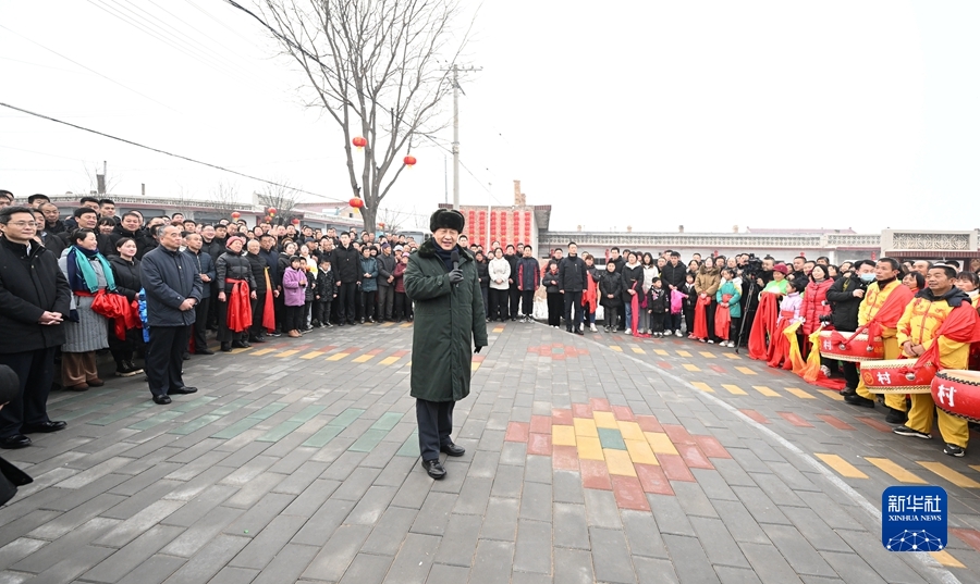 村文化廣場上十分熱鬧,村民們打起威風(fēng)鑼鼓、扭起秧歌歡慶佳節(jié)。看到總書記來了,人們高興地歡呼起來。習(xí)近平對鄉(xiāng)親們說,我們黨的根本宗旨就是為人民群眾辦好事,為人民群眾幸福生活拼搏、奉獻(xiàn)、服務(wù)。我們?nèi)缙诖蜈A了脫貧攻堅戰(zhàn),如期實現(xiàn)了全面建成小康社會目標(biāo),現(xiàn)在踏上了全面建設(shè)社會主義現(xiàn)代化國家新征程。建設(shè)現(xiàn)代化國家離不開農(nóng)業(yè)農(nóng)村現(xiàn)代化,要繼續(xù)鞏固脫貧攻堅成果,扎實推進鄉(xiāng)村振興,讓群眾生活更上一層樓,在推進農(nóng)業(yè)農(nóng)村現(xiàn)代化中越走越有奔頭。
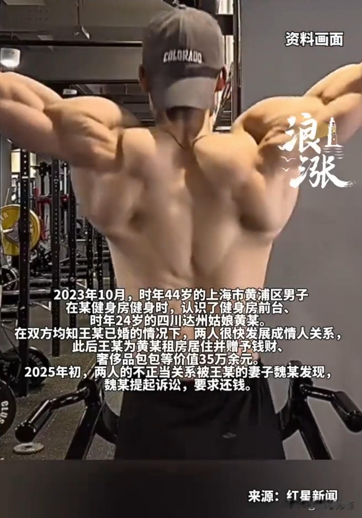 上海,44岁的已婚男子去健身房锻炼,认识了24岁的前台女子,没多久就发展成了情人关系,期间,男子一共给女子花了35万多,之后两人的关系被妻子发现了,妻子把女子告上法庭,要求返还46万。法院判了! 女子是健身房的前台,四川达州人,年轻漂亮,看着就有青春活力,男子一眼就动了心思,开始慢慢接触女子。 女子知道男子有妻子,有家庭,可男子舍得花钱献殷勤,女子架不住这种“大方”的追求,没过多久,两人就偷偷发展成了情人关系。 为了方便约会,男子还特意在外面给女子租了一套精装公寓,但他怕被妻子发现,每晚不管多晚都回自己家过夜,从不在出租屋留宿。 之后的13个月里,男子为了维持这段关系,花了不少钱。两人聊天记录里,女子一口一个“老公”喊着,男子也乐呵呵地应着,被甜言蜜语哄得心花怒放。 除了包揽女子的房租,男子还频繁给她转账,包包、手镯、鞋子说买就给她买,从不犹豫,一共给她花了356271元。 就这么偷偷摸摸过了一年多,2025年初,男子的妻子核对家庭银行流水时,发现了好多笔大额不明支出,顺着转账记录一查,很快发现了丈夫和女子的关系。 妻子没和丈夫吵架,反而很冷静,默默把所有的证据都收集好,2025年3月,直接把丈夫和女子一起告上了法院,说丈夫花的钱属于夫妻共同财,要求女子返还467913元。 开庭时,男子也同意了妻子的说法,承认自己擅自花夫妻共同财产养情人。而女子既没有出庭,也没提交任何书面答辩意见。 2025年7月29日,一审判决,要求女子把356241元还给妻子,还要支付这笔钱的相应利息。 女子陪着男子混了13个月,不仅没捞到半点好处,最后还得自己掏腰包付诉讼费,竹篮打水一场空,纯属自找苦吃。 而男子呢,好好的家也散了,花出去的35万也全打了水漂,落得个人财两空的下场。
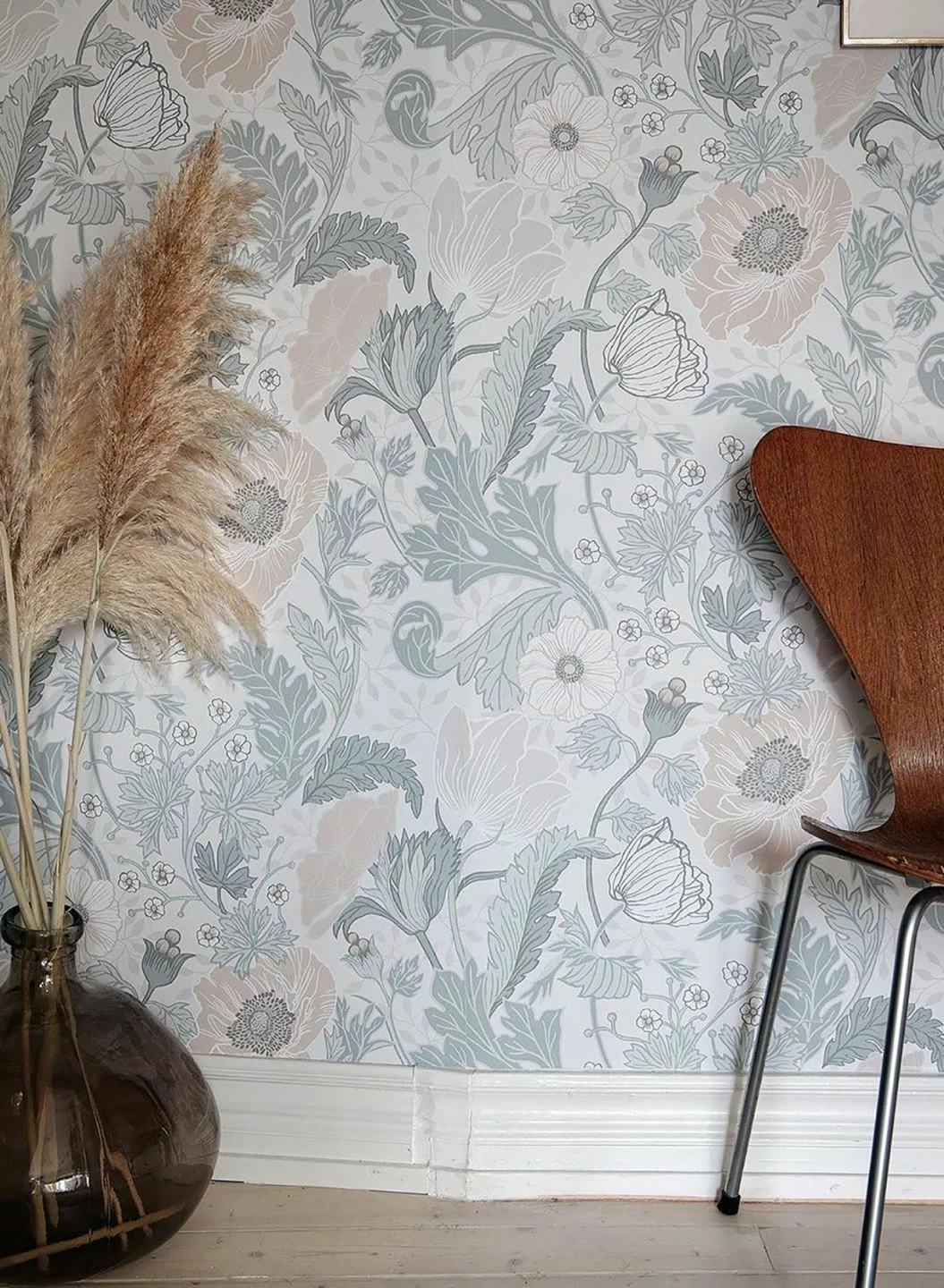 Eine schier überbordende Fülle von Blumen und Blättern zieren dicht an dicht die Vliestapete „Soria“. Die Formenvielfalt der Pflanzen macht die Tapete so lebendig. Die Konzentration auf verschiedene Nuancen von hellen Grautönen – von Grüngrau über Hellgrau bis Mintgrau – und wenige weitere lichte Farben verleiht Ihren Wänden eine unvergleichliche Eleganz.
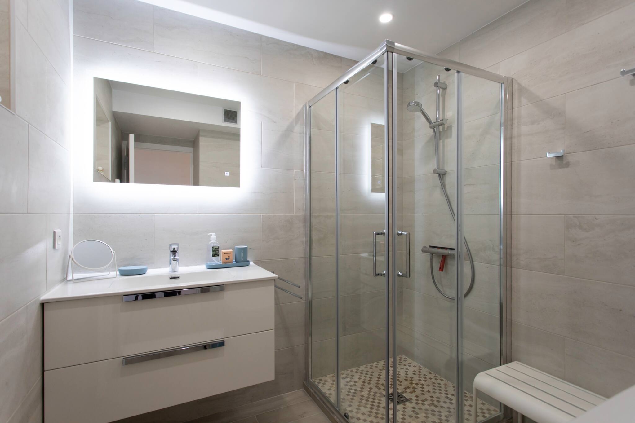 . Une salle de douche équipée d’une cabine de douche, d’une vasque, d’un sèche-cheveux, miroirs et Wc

========================

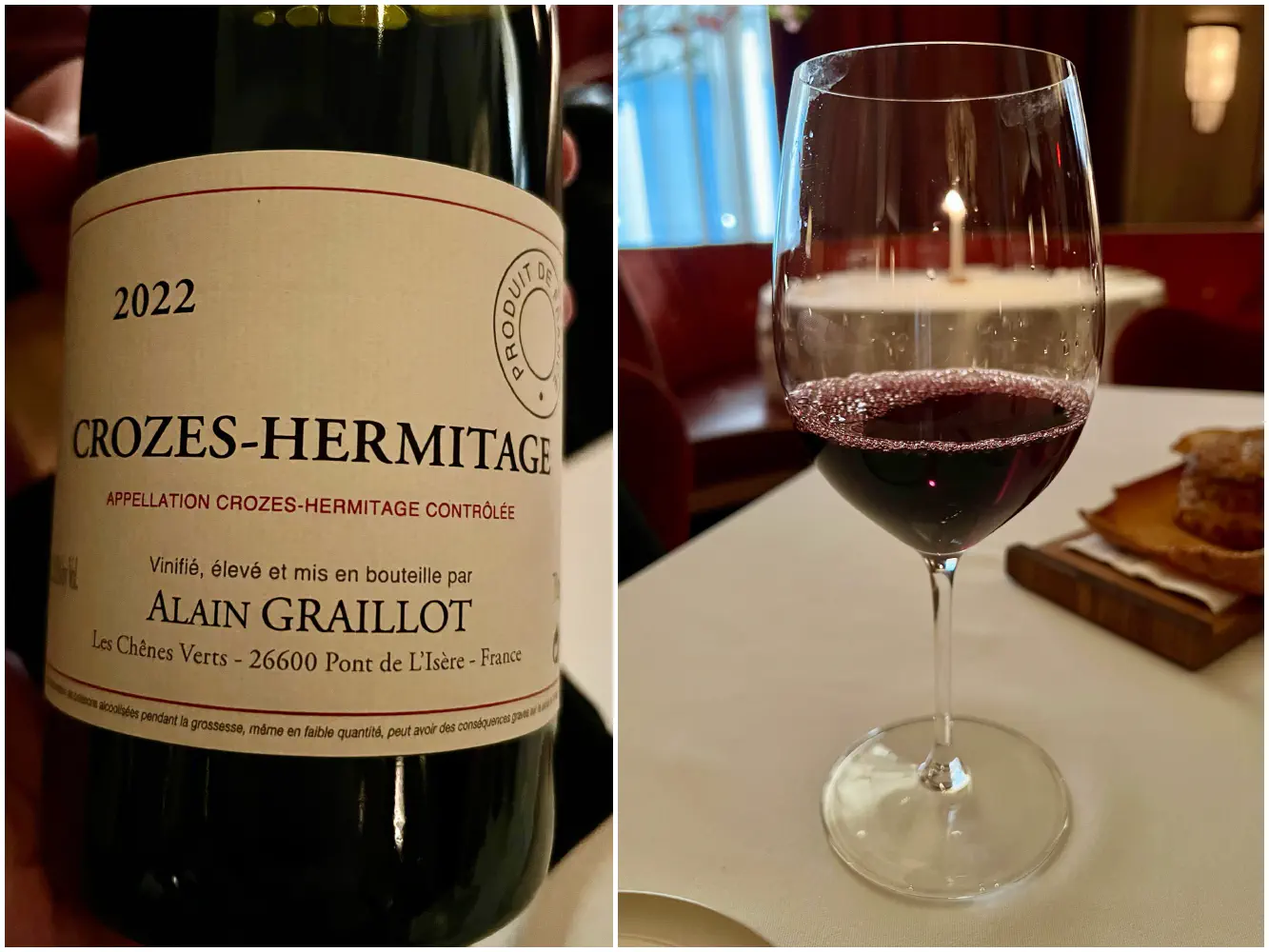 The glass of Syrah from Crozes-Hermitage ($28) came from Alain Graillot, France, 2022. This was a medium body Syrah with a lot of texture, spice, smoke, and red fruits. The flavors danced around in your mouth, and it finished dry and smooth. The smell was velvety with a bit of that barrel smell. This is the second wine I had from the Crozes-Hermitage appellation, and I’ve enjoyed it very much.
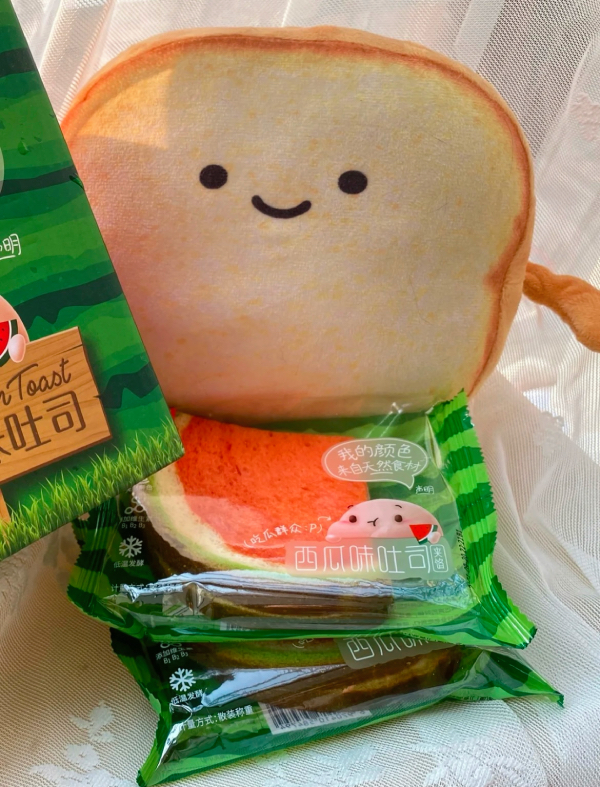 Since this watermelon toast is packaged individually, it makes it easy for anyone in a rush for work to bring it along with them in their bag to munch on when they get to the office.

========================

• **PROBLEM**:
Set down again, word for word, every line from the one with "村文化廣場上十分熱鬧,村民們" to the one with "miroirs et Wc" in the entries above, and omit the pictures.

• **ANSWER BELOW**:
 村文化廣場上十分熱鬧,村民們打起威風(fēng)鑼鼓、扭起秧歌歡慶佳節(jié)。看到總書記來了,人們高興地歡呼起來。習(xí)近平對鄉(xiāng)親們說,我們黨的根本宗旨就是為人民群眾辦好事,為人民群眾幸福生活拼搏、奉獻(xiàn)、服務(wù)。我們?nèi)缙诖蜈A了脫貧攻堅戰(zhàn),如期實現(xiàn)了全面建成小康社會目標(biāo),現(xiàn)在踏上了全面建設(shè)社會主義現(xiàn)代化國家新征程。建設(shè)現(xiàn)代化國家離不開農(nóng)業(yè)農(nóng)村現(xiàn)代化,要繼續(xù)鞏固脫貧攻堅成果,扎實推進鄉(xiāng)村振興,讓群眾生活更上一層樓,在推進農(nóng)業(yè)農(nóng)村現(xiàn)代化中越走越有奔頭。
 上海,44岁的已婚男子去健身房锻炼,认识了24岁的前台女子,没多久就发展成了情人关系,期间,男子一共给女子花了35万多,之后两人的关系被妻子发现了,妻子把女子告上法庭,要求返还46万。法院判了! 女子是健身房的前台,四川达州人,年轻漂亮,看着就有青春活力,男子一眼就动了心思,开始慢慢接触女子。 女子知道男子有妻子,有家庭,可男子舍得花钱献殷勤,女子架不住这种“大方”的追求,没过多久,两人就偷偷发展成了情人关系。 为了方便约会,男子还特意在外面给女子租了一套精装公寓,但他怕被妻子发现,每晚不管多晚都回自己家过夜,从不在出租屋留宿。 之后的13个月里,男子为了维持这段关系,花了不少钱。两人聊天记录里,女子一口一个“老公”喊着,男子也乐呵呵地应着,被甜言蜜语哄得心花怒放。 除了包揽女子的房租,男子还频繁给她转账,包包、手镯、鞋子说买就给她买,从不犹豫,一共给她花了356271元。 就这么偷偷摸摸过了一年多,2025年初,男子的妻子核对家庭银行流水时,发现了好多笔大额不明支出,顺着转账记录一查,很快发现了丈夫和女子的关系。 妻子没和丈夫吵架,反而很冷静,默默把所有的证据都收集好,2025年3月,直接把丈夫和女子一起告上了法院,说丈夫花的钱属于夫妻共同财,要求女子返还467913元。 开庭时,男子也同意了妻子的说法,承认自己擅自花夫妻共同财产养情人。而女子既没有出庭,也没提交任何书面答辩意见。 2025年7月29日,一审判决,要求女子把356241元还给妻子,还要支付这笔钱的相应利息。 女子陪着男子混了13个月,不仅没捞到半点好处,最后还得自己掏腰包付诉讼费,竹篮打水一场空,纯属自找苦吃。 而男子呢,好好的家也散了,花出去的35万也全打了水漂,落得个人财两空的下场。
 Eine schier überbordende Fülle von Blumen und Blättern zieren dicht an dicht die Vliestapete „Soria“. Die Formenvielfalt der Pflanzen macht die Tapete so lebendig. Die Konzentration auf verschiedene Nuancen von hellen Grautönen – von Grüngrau über Hellgrau bis Mintgrau – und wenige weitere lichte Farben verleiht Ihren Wänden eine unvergleichliche Eleganz.
 . Une salle de douche équipée d’une cabine de douche, d’une vasque, d’un sèche-cheveux, miroirs et Wc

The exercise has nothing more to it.